*** Stored data Section Begins ***

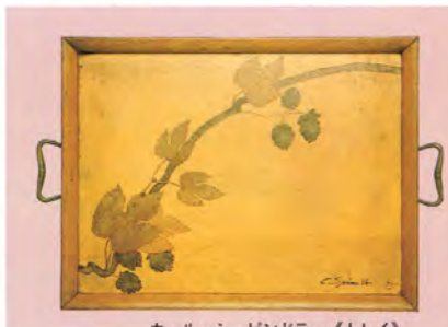
カール・シュビンドラー《トレイ》オーストリア国立工芸美術館所蔵
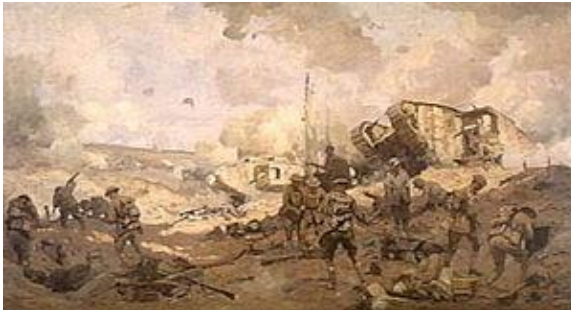
Gennembrydning af Hindenburg-linien 29. sep. - 10. okt. 1918
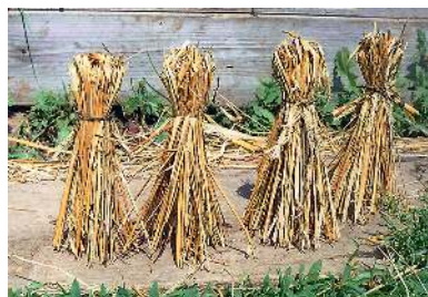
Чуваши́е детские куклы. Деревня Дойная Куединского района, 2001 год

Чуваши́е семьи в прошлом были многодетными, рождение детей было признаком счастливой семьи и продолжения рода.

*** Stored data Section Ends ***

__Exercise directions__:
Only the lines above that include the word "Чуваши" belong in the answer; copy each one.

__Result__:
Чуваши́е детские куклы. Деревня Дойная Куединского района, 2001 год
Чуваши́е семьи в прошлом были многодетными, рождение детей было признаком счастливой семьи и продолжения рода.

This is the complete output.